If you have a point $(X,Y)$ on a circle with center $(x,y)$ and radius $r$, its equation is
$$r^2=(X-x)^2+(Y-y)^2=X^2-2Xx+x^2+Y^2-2Yy+y^2$$
which is of the form $(X^2+Y^2)+aX+bY+c=0$ with $a=-2x,b=-2y,c=x^2+y^2-r^2$. So as long as $4c<a^2+b^2$ you can always turn an equation of this form back into a circle.
The equation of a line, on the other hand, is something like $dX+eY+f=0$. So if you combine them to $S+\lambda P=0$ you get
$$(X^2+Y^2)+(a+\lambda d)X+(b+\lambda e)Y+(c+\lambda f)=0$$
which again has the form of a circle equation. And since each individual term of the sum was zero for $A$ and $B$, their sum must be zero there as well. So you know that this will always be a circle through $A$ and $B$. And since you know it contains two real points, you don't have to worry about the $4c<a^2+b^2$ condition I wrote above, since if that were violated you'd have zero or imaginary radius, and couldn't have two real points located on the circle.

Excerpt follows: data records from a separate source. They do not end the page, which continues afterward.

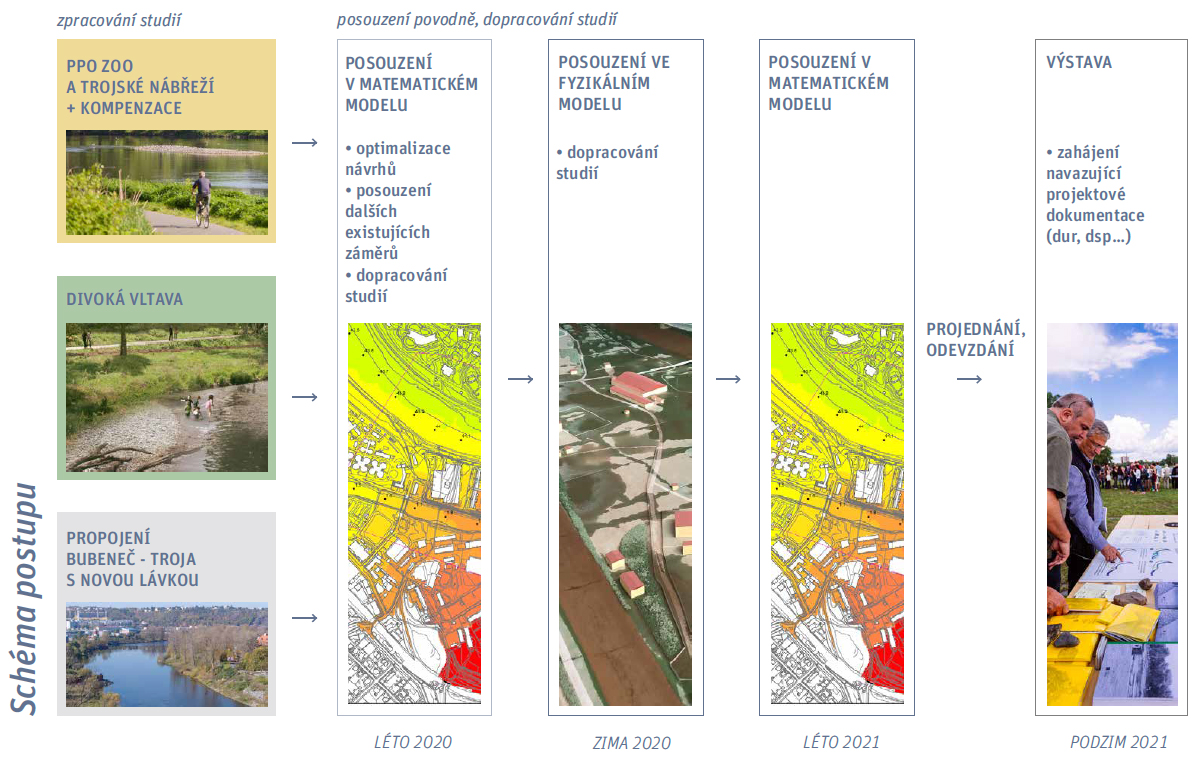Soubor projektů „Revitalizace a protipovodňová ochrana Trojské kotliny“ vychází z Koncepce a Akčního plánu Císařského ostrova a je pokračováním v dlouhodobém postupu v řešení protipovodňové ochrany v Trojské kotlině. Z hlediska protipovodňové ochrany je Trojská kotlina nejužší a jedno z nejkritičtějších míst v Praze. Je proto nutné jednotlivé projekty a záměry koordinovaně posoudit na existujícím matematickém a fyzikálním modelu z hlediska vlivu na průchod velkých vod a jejich negativní vliv adekvátně kompenzovat. Jednotlivé projekty je nutné také navrhovat z celostního hlediska a citlivě je začleňovat do krajiny. Cílem souboru projektů je zlepšení protipovodňové ochrany zoologické zahrady a její citlivé začlenění do nivní krajiny, přírodě blízká revitalizace řeky a řešení nových propojení, dostupnosti, prostupnosti a vytvoření nových přírodních a rekreačních ploch a kvalitních veřejných prostranství.
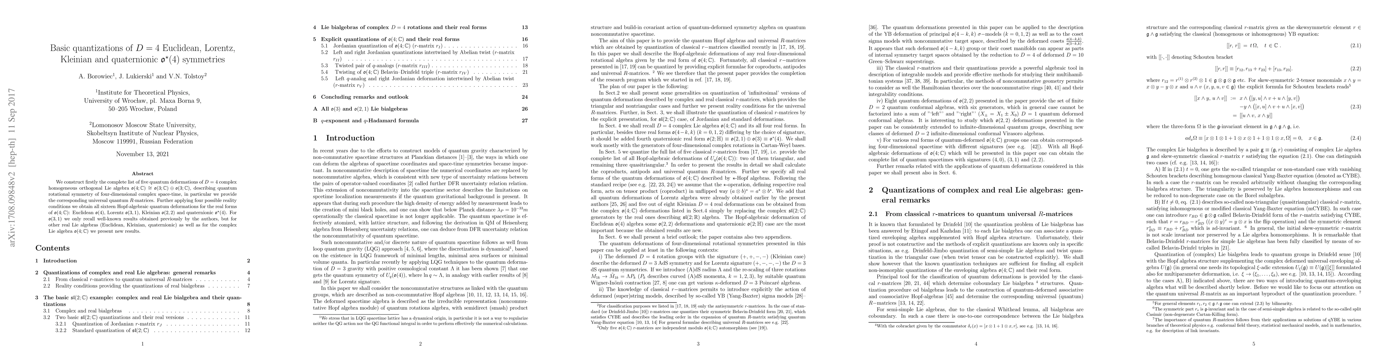 This paper presents the complete list of quantum deformations for the $D=4$ complex homogeneous orthogonal Lie algebra $\mathfrak{o}(4;\mathbb{C})$, including universal quantum $R$-matrices. It also explores the real forms of this algebra under four reality conditions, yielding quantum deformations for Euclidean, Lorentz, Kleinian, and quaternionic symmetries.
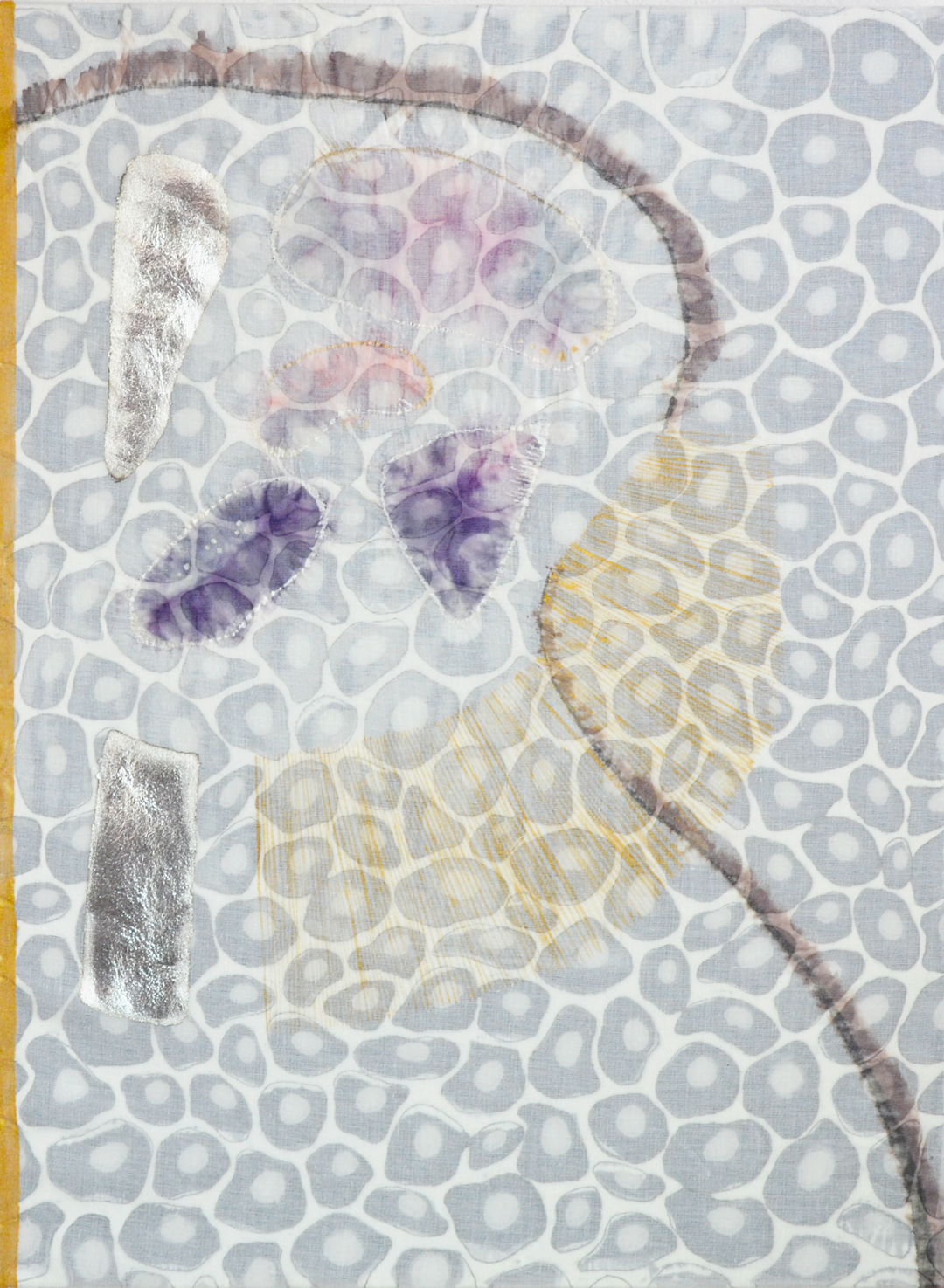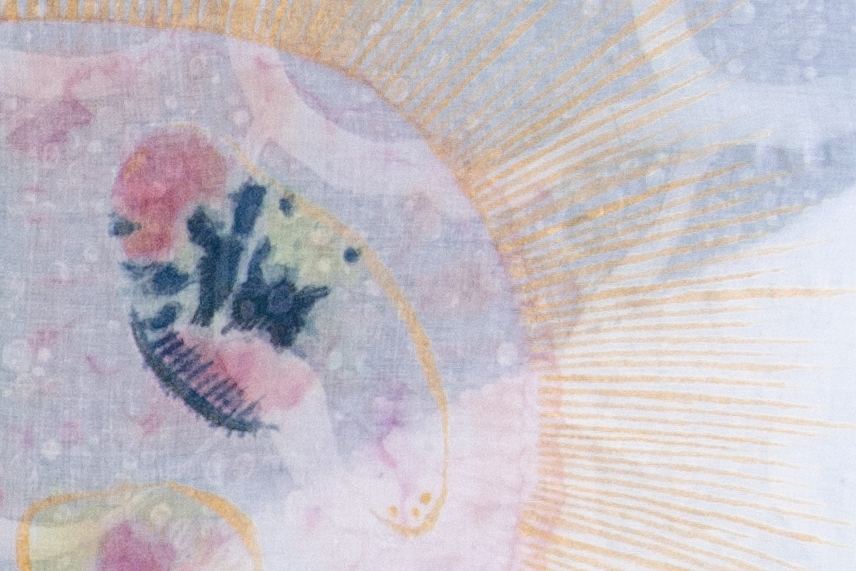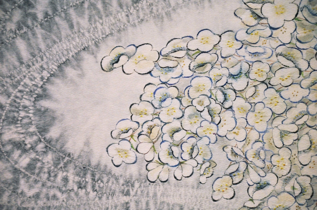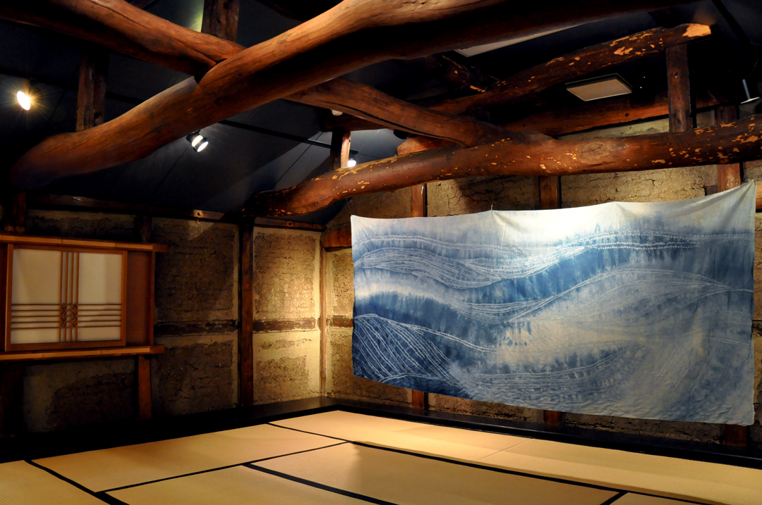 "herald the arrival of spring(haru-tsugeru-ryusuimon-zu)" indigo, natural dye on cotton
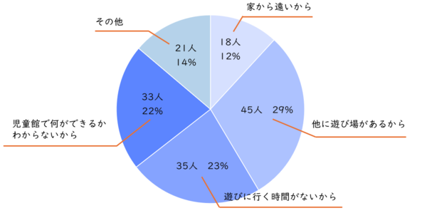 「他に遊び場があるから」と回答した方が29%で最も多く、続いて23%の方が「遊びに行く時間がないから」という結果でした。
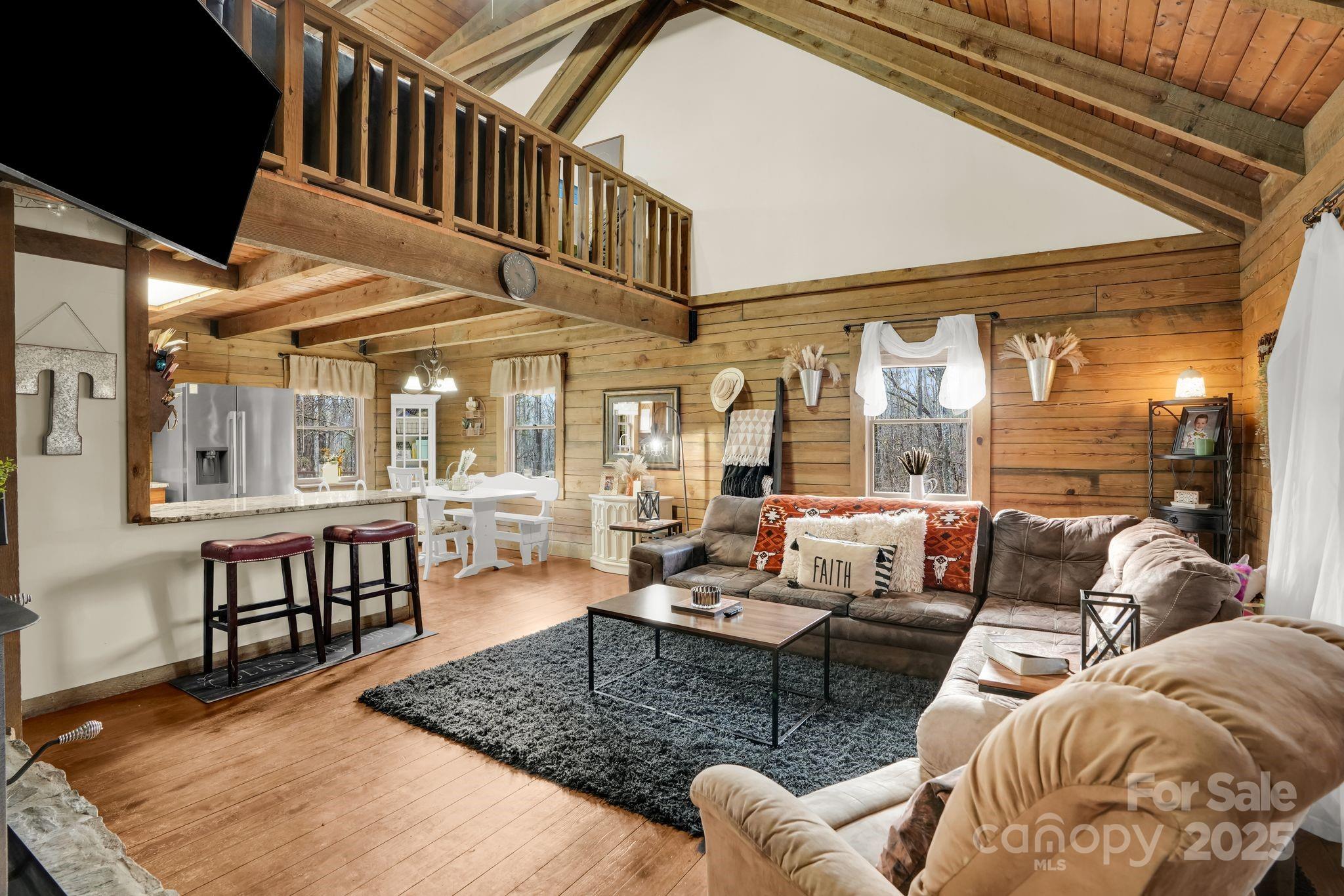 Welcome to your private retreat in the woods. Nestled on 10 picturesque acres with a peaceful creek, this stunning log cabin offers the perfect blend of rustic charm, privacy, and everyday comfort. Inside, you’ll find 3 bedrooms and 2 full bathrooms, with hardwood floors throughout the entire home and a breathtaking two-story stone fireplace that anchors the living space and creates a true lodge-style feel. Vaulted ceilings and an expansive loft/flex area provide endless possibilities—whether you need a home office, game room, or additional living space. Step outside and enjoy the quiet sounds of the running creek, wooded privacy, and ample space to explore, relax, or entertain.
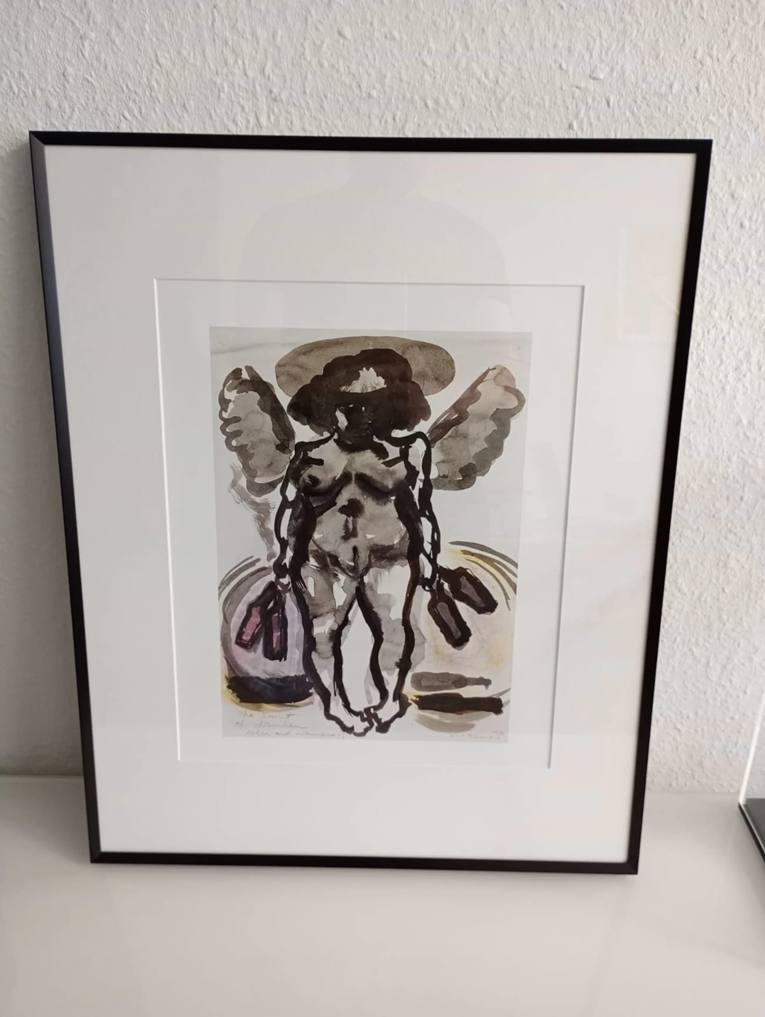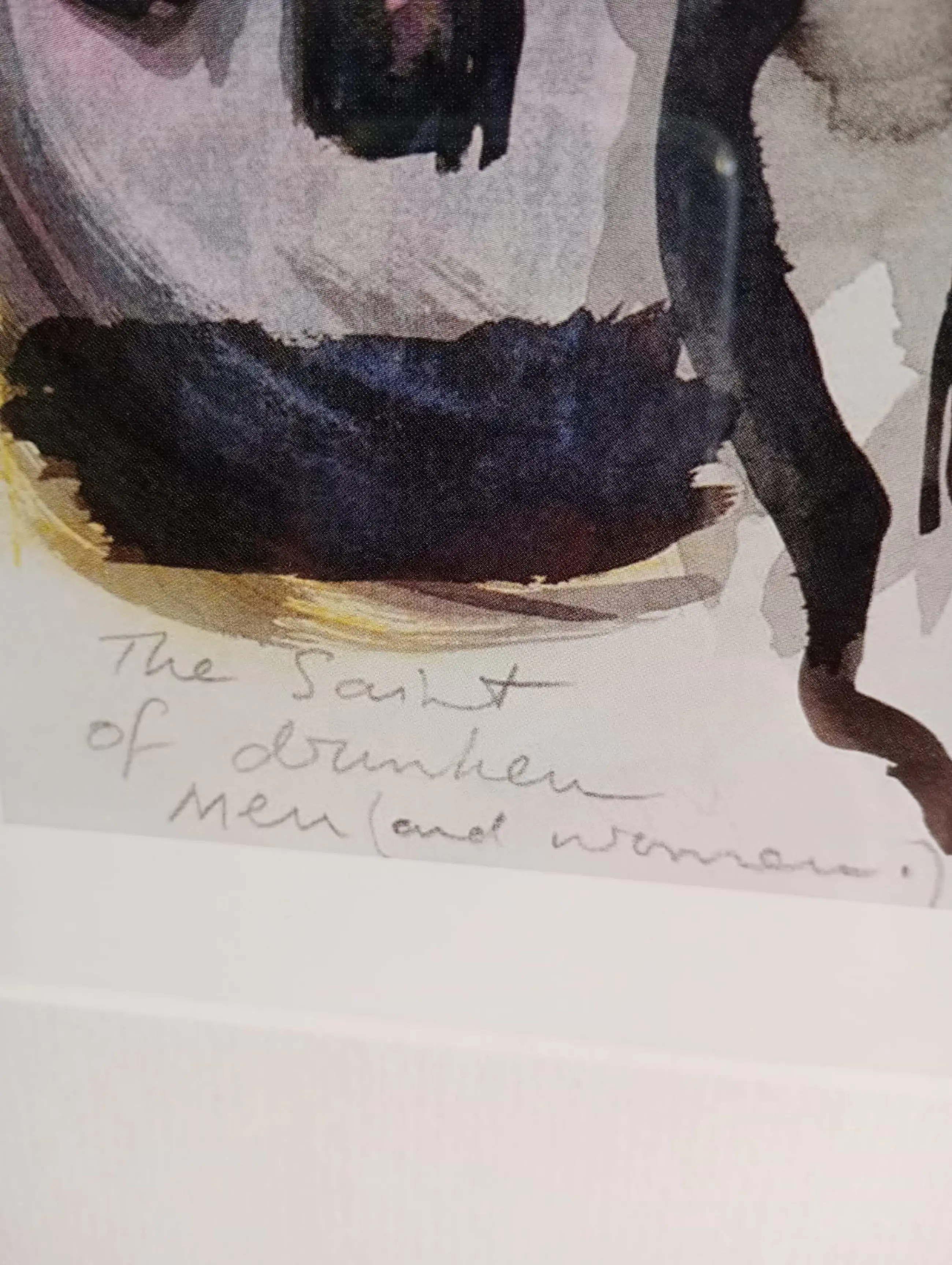 Kunstenaar: Marlene Dumas Titel: ‘The saints of drunken men and woman’ Jaar: 2014/2015 (origineel werk 1990) Techniek: Offsetdruk op papier Ingelijst: Ja, voorzien van een hoogwaardige aluminium Nielsen-lijst Formaat werk: 34x27 cm (uitsnede) Formaat ingelijst: 40x50 cm Conditie: Nieuwstaat Herkomst: particuliere collectie, Heerlen

It doesn't really matter what circle you start with. You could take any circle passing through $A$ and $B$, although a different choice would lead to a different value of $\lambda$. But the one with the diameter is easiest to compute.
As a variant, you can play the same game with two different circles passing through $A$ and $B$, and do $S_1+\lambda S_2=0$. Then you'd get an equation which starts with $(1+\lambda)(X^2+Y^2)$ but since you could as well divide the whole resulting equation by $(1+\lambda)$ it would still be a circle. (Except if $\lambda=-1$, then you'd have a line instead, so that happens if $A,B,C$ are collinear.) The only problem is that if $C$ already lies on $S_2$, you'd get a division by zero. To avoid that you could write $\lambda S_1+\mu S_2=0$, and you could compute these as e.g. $\lambda = S_2(C)$ and $\mu = -S_1(C)$ to ensure that $C$ satisfies the combined equation.